The weak-to-strong generalization phenomenon is the driver for important machine learning applications including highly data-efficient learning and, most recently, performing superalignment. While decades of research have resulted in numerous algorithms that produce strong empirical performance, understanding what aspects of data enable weak-to-strong generalization has been understudied. We propose a simple data-centric mechanism that characterizes weak-to-strong generalization: the overlap density. Intuitively, generalization tracks the number of points that contain overlaps, i.e., both easy patterns (learnable by a weak model) and challenging patterns (only learnable by a stronger model), as with such points, weak predictions can be used to learn challenging patterns by stronger models. We provide a practical overlap detection algorithm to find such points in datasets and leverage them to learn, among multiple sources of data, which to query when seeking to maximize overlap density and thereby enhance weak-to-strong generalization. We present a theoretical result showing that the generalization benefit is a function of the overlap density and a regret bound for our data selection algorithm. Empirically, we validate the mechanism and the overlap detection algorithm on a wide array of settings.
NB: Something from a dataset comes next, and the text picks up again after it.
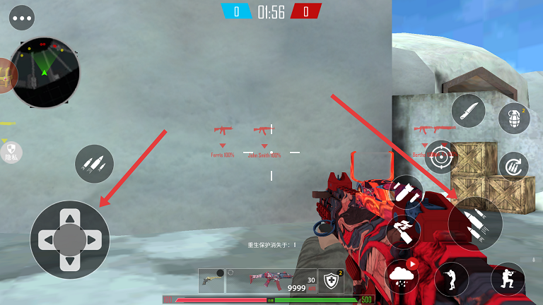 3、注意左上角小地图,别让包围了。遇到闪着金光的道具先抢为敬,说不定能体验30秒真男人模式。

翻译：弱监督到强监督泛化现象是推动重要机器学习应用的关键驱动力，包括高数据效率学习以及近期备受关注的超对齐任务。尽管数十年的研究已催生出众多具备强大实证性能的算法，但对于数据中哪些特性能够促成弱监督到强监督泛化的理解仍显不足。我们提出一种简洁的数据中心机制来刻画弱监督到强监督泛化：重叠密度。直观而言，泛化性能与数据集中包含重叠模式的数据点数量相关——这些数据点同时包含简单模式（可由弱模型学习）与困难模式（仅能由更强模型学习）。借助此类数据点，强模型可利用弱模型的预测结果来学习困难模式。我们提出一种实用的重叠检测算法，用于在数据集中识别此类数据点，并基于该算法设计数据选择策略，从而在多源数据中筛选能够最大化重叠密度、进而提升弱监督到强监督泛化性能的查询样本。我们给出了理论结果，证明泛化收益是重叠密度的函数，并为数据选择算法提供了遗憾界。最后，我们在多种实验场景中验证了该机制与重叠检测算法的有效性。